Chef Dean Fearing is somewhat of a legend when it comes to Texas cuisine. In fact, Fearing is known as “The Father of Southwestern Cuisine.” He’s the creator and chef at Fearing’s Restaurant in Dallas, which has been named Restaurant of the Year and Table of the Year by Esquire Magazine, and No. 1 in Hotel Dining by the Zagat Survey. Fearing’s establishment was even nominated by the prestigious James Beard Foundation for Best New Restaurant.
A quick look into the life of Dean Fearing
Fearing spent much of his culinary career at The Mansion on Turtle Creek, a sophisticated hotel located in Dallas. It wasn’t until August 2007 that he opened up Fearing’s and was recognized for the bold flavors he created.
Culinary talent is in his blood – Fearing grew up with grandmothers who were passionate about food, and more specifically, Southern cooking. To this day, he continues to use family recipes and traditional Texas fare, like cilantro, tomatillos, jicama and dried chilies to create dynamic cuisine that customers can’t get enough of. Fearing’s most recent project was a new cookbook called “The Texas Food Bible.”
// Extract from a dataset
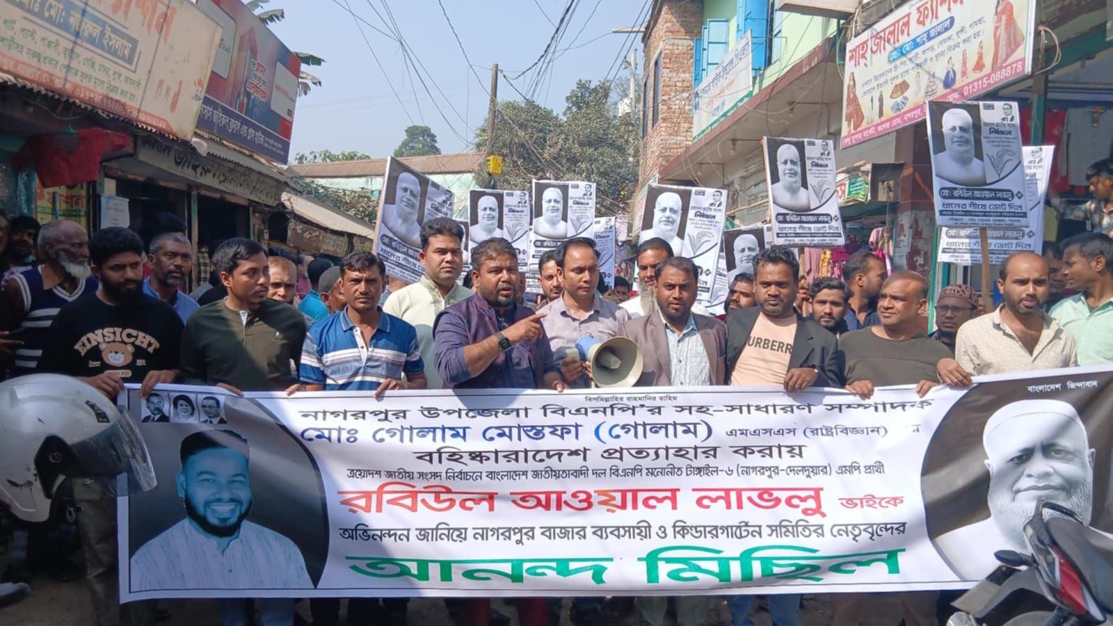 ত্রয়োদশ জাতীয় সংসদ নির্বাচনে টাঙ্গাইল-৬ (নাগরপুর–দেলদুয়ার) আসনে বিএনপি মনোনীত সংসদ সদস্য প্রার্থী রবিউল আওয়াল লাভলুর পক্ষে ধানের শীষ প্রতীকে বিজয় নিশ্চিত করার লক্ষ্যে নাগরপুরে একটি বিশাল নির্বাচনী মিছিল অনুষ্ঠিত হয়েছে।

The ins and outs of Fearing’s culinary book
Fearing’s new cookbook can be purchased starting April 29. You’ll be able to make his infamous tortilla soup that he first served at The Mansion on Turtle Creek. You’ll also be able to whip up traditional dishes like Texas chili, fried chicken and street tacos. Enroll in an Austin culinary arts program to develop the skills needed to create advanced Texas-inspired cuisine.
In his book, Fearing talks about the evolution of Southwestern cuisine, and how it’s ever-changing. The ingredients might have remained the same over the years, but the way in which those ingredients are being used has evolved. Upon opening up the book, you’ll see that the first section covers sauces, vinegars and salsas. Fearing and his editor decided this would be best because readers can then pick the sauce they want to use, and then pair it up with a recipe they would like to try out. This may not have the same layout as a traditional cookbook, but Fearing feels it gives his readers more creativity in creating their own unique dishes.
Southwestern cuisine and its accompanying methods, like barbecuing and grilling, are really making their way across the country. Fearing explained that he’s starting to see more good barbecue joints throughout New York and even Iowa. Wood-smoking and real fire grills are being used more and more by chefs.